Perhaps the last time a contest was surfed on a self shaped board was Dane Reynolds in a 2012 France heat. It was apparently in response to having his boards stolen before the Quiksilver Pro, and the 5’11” x 19″ x 2′ 3/8″ with a hand drawn Channel Islands logo on it was more of a last resort than anything, and Dane didn’t win the contest on it, so sadly not quite as inspiring as Richie Collins.

I guess another person to mention would be Kelly Slater who in 2016 debuted his Slater Designs models, made in the FireWire tech of which he has shares. But having your name above the door doesn’t mean self shaped, as his SciFi, Omni and Banana boards are collaborations with Daniel Thomson and Greg Webber respectively.

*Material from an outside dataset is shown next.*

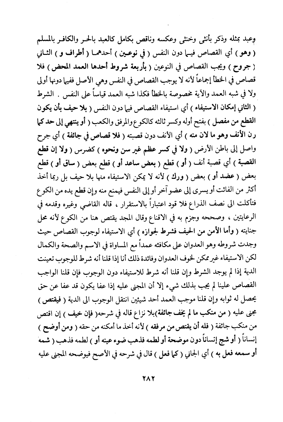 (وَهُوَ) أَيْ الْقِصَاصُ فِيمَا دُونَ النَّفْسِ (فِي نَوْعَيْنِ) أَحَدُهُمَا (أَطْرَافٌ وَ) الثَّانِي (جُرُوحٌ) وَيَجِبُ الْقِصَاصُ فِي النَّوْعَيْنِ (بِأَرْبَعَةِ شُرُوطٍ أَحَدُهَا: الْعَمْدُ الْمَحْضُ) فَلَا قِصَاصَ فِي الْخَطَأِ إجْمَاعًا ; لِأَنَّهُ لَا يُوجِبُ الْقِصَاصَ فِي النَّفْسِ، وَهِيَ الْأَصْلُ فَفِيمَا دُونَهَا أَوْلَى وَلَا فِي شِبْهِ الْعَمْدِ، وَالْآيَةُ مَخْصُوصَةٌ بِالْخَطَأِ فَكَذَا شِبْهُ الْعَمْدِ قِيَاسًا عَلَى النَّفْسِ الشَّرْطُ (الثَّانِي إمْكَانُ الِاسْتِيفَاءِ) أَيْ اسْتِيفَاءِ الْقِصَاصِ فِيمَا دُونَ النَّفْسِ (بِلَا حَيْفٍ بِأَنْ يَكُونَ الْقَطْعُ مِنْ مَفْصِلٍ) بِفَتْحِ أَوَّلِهِ وَكَسْرِ ثَالِثِهِ كَالْكُوعِ وَالْمِرْفَقِ وَالْكَعْبِ (أَوْ يَنْتَهِي إلَى حَدٍّ كَمَارِنِ الْأَنْفِ وَهُوَ مَا لَانَ مِنْهُ) أَيْ الْأَنْفِ دُونَ قَصَبَتِهِ (فَلَا قِصَاصَ فِي جَائِفَةٍ) أَيْ جُرْحٍ وَاصِلٍ إلَى بَاطِنِ الْأَرْضِ (وَلَا فِي كَسْرِ عَظْمٍ غَيْرِ سِنٍّ وَنَحْوَهُ) كَضِرْسٍ (وَلَا إنْ قَطَعَ الْقَصَبَةَ) أَيْ قَصَبَةَ أَنْفٍ (أَوْ) قَطَعَ (بَعْضَ سَاعِدٍ أَوْ) قَطَعَ بَعْضَ (سَاقٍ أَوْ) قَطَعَ بَعْضَ (عَضُدٍ أَوْ) بَعْضَ (وَرِكٍ) ; لِأَنَّهُ لَا يُمْكِنُ الِاسْتِيفَاءُ مِنْهَا بِلَا حَيْفٍ بَلْ رُبَّمَا أَخَذَ أَكْثَرَ مِنْ الْفَائِتِ أَوْ يَسْرِي إلَى عُضْوٍ آخَرَ أَوْ إلَى النَّفْسِ فَيُمْنَعُ مِنْهُ وَإِنْ قَطَعَ يَدَهُ مِنْ الْكُوعِ فَتَآكَلَتْ إلَى نِصْفِ الذِّرَاعِ فَلَا قَوَدَ اعْتِبَارًا بِالِاسْتِقْرَارِ، قَالَهُ الْقَاضِي وَغَيْرُهُ وَقَدَّمَهُ فِي الرِّعَايَتَيْنِ، وَصَحَّحَهُ وَجَزَمَ بِهِ فِي الْإِقْنَاعِ وَقَالَ الْمَجْدُ يُقْتَصُّ هُنَا مِنْ الْكُوعِ ; لِأَنَّهُ مَحَلُّ جِنَايَتِهِ (وَأَمَّا الْأَمْنُ مِنْ الْحَيْفِ فَشَرْطٌ لِجَوَازِهِ) أَيْ الِاسْتِيفَاءِ لِوُجُوبِ الْقِصَاصِ حَيْثُ وُجِدَتْ شُرُوطُهُ وَهُوَ الْعُدْوَانُ عَلَى مُكَافِئِهِ عَمْدًا مَعَ الْمُسَاوَاةِ فِي الِاسْمِ وَالصِّحَّةِ وَالْكَمَالِ لَكِنَّ الِاسْتِيفَاءَ غَيْرُ مُمْكِنٍ لِخَوْفِ الْعُدْوَانِ وَفَائِدَةُ ذَلِكَ أَنَّا إذَا قُلْنَا: إنَّهُ شَرْطٌ لِلْوُجُوبِ تَعَيَّنَتْ الدِّيَةُ إذَا لَمْ يُوجَدْ الشَّرْطُ، وَإِنْ قُلْنَا: إنَّهُ شَرْطٌ لِلِاسْتِيفَاءِ دُونَ الْوُجُوبِ فَإِنْ قُلْنَا: الْوَاجِبُ الْقِصَاصُ عَلَيْنَا لَمْ يَجِبْ بِذَلِكَ شَيْءٌ إلَّا أَنَّ الْمَجْنِيَّ عَلَيْهِ إذَا عَفَا يَكُونُ قَدْ عَفَا عَنْ حَقٍّ يَحْصُلُ لَهُ ثَوَابُهُ وَإِنْ قُلْنَا: مُوجِبُ الْعَمْدِ أَحَدُ شَيْئَيْنِ انْتَقَلَ الْوُجُوبُ إلَى الدِّيَةِ (فَيَقْتَصُّ) مَجْنِيٌّ عَلَيْهِ (مِنْ مَنْكِبٍ مَا لَمْ يَخَفْ جَائِفَةً) بِلَا نِزَاعٍ قَالَ فِي شَرْحِهِ (فَإِنْ خِيفَ) إنْ اقْتَصَّ مِنْ مَنْكِبٍ جَائِفَةً (فَلَهُ أَنْ يَقْتَصَّ مِنْ مِرْفَقِهِ) ; لِأَنَّهُ أَخَذَ مَا أَمْكَنَهُ مِنْ حَقِّهِ

In this relatively revolutionary world of semi retired, still freaks of nature pros like Rob Machado, Dane Reynolds, and Ryan Burch who are reinventing themselves as shapers, whilst riding their own boards in specialty events like the Ripcurl Cup Padang Padang or the Four Seasons Maldives contest, we can hope they may one day inspire a generation to shape a board to a World Title, or at least a contest win.